4.3. Processor shall maintain reasonable security practices appropriate to the nature and scope of Processing, including: (a) procedures for identifying, assessing, and applying security updates and patches based on risk and criticality; (b) regular security testing, including vulnerability assessments, with frequency and scope determined by Processor's risk assessment; (c) security monitoring capabilities to detect and respond to security incidents; and (d) documentation of security policies and procedures sufficient to demonstrate compliance with this DPA.
4.4. Controller may request information regarding Processor's security measures no more than once per twelve-month period (unless required by law or in response to a suspected or actual Personal Data Breach). Processor shall respond to reasonable requests within thirty (30) days.
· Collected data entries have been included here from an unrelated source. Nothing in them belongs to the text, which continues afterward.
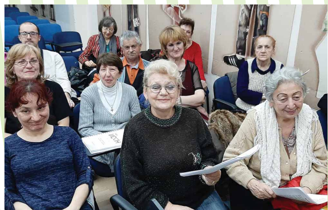
Корисници ГЦ „Нови Сад“ постали део инклузивног Хора „ИСОН“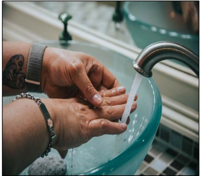
[E qotsitse ho tswa inthaneteng ya lokiswa ke mohlalobi]

O moqolotsi wa ditaba tsa koranta ya Manti mme o tlameha ho ya etsa inthaviu le letona la tsa bophelo bo botle ka koduwa ya kokwanahloko ya "coronavirus" e hlasetseng lefatshe ka bophara. Ngola inthaviu mahareng a hao le letona la tsa bophelo bo botle.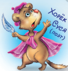
Хорёк Суся (поэт)

но это неважно. Крот наш, Шиша, новый туннель взялся рыть, под рекой. Ему кто-то наболтал, что там клад, вот он и роет. Так что теперь к реке так просто не подойдёшь, всюду то яма, то канава.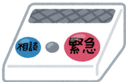
緊急時通報装置で地域の安心を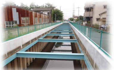
出羽堀の嵩上げ実施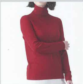
厳しい寒さの味方 全二重仕立 WVG-40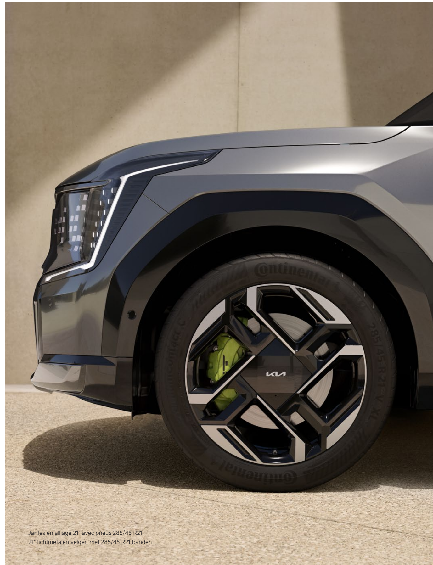
Jantes en alliage 21" avec pneus 285/45 R21 21" lichtmetalen velgen met 285/45 R21 banden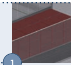
1 Podwyższona podłoga kasetonowa Neptunus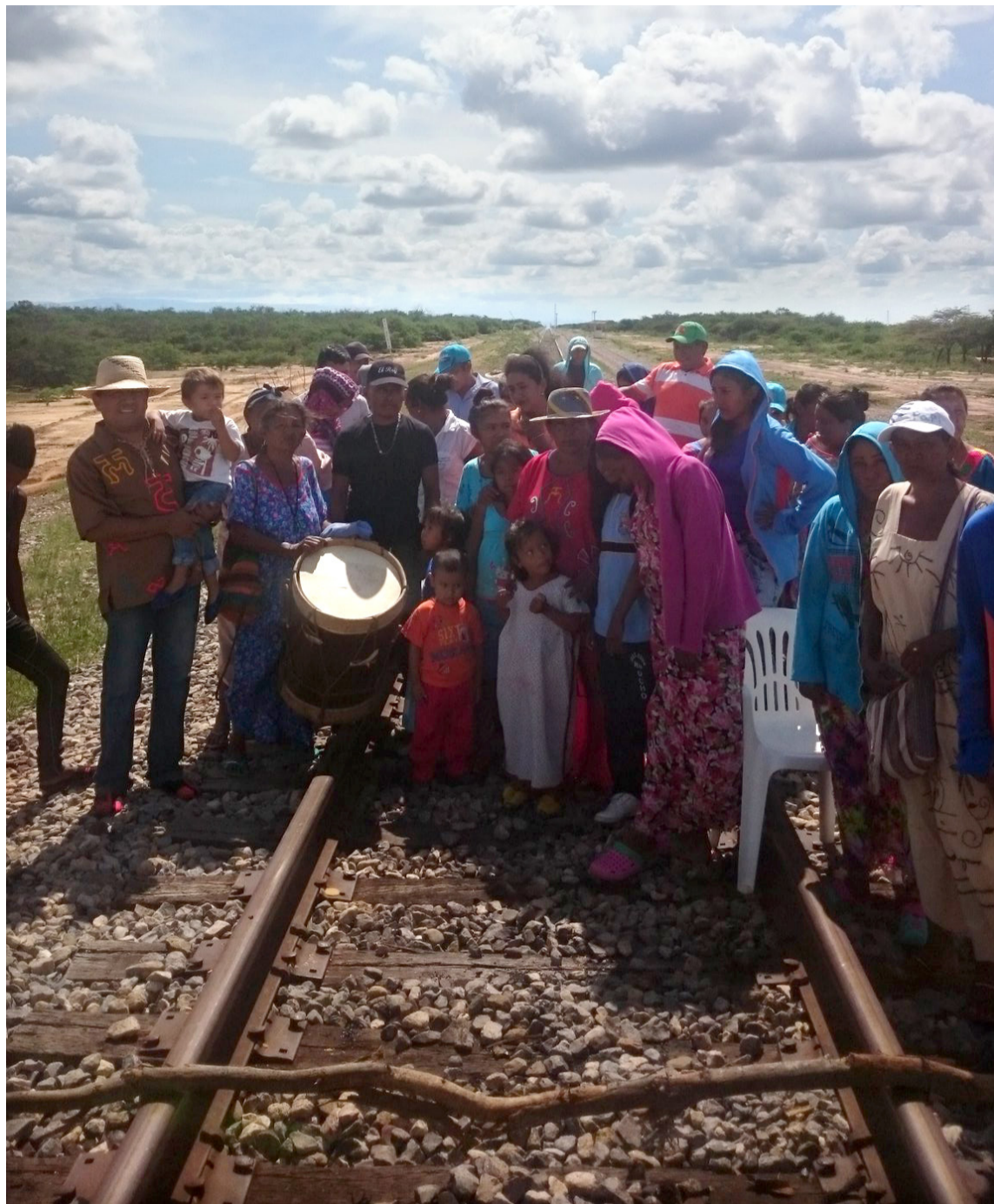
Las pérdidas económicas para la empresa, La Guajira y el país son enormes.

Los intereses de los líderes de esta ONG no pueden volver admisible que se pretenda hacer responsable a Cerrejón de decisiones y acciones que van más allá de su responsabilidad legal.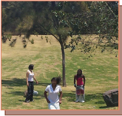
Jugando al ensacado, Parque Metropolitano. Agosto 2014

El día 7 de agosto del presente año, las usuarias de la Casa de Protección, realizaron una salida recreativa al Parque Metropolitano, donde estuvieron en contacto con la naturaleza. Además se realizaron actividades lúdicas y de entretenimiento donde las Usuaris pudieron tener un tiempo de esparcimiento y reencuentro con el juego.

Controller's audit and inspection rights are set forth in Section 10.
5. Subprocessing.
5.1. Customer provides Tagboard general written authorization to engage Subprocessors to process Personal Data on Customer’s behalf. The Subprocessors engaged by Tagboard are listed at: https://support.tagboard.com/knowledge-base/sub-processors-and-subcontractors.
5.2. Tagboard shall provide Customer with at least 10 days’ advance notice (email being sufficient) of the addition or replacement of any Subprocessor by updating the list referenced in Section 5.1 and sending notice to Customer’s email address on file. Customer may object to the engagement of a new or replacement Subprocessor within 10 days of such notice, provided the objection is based on reasonable data protection grounds.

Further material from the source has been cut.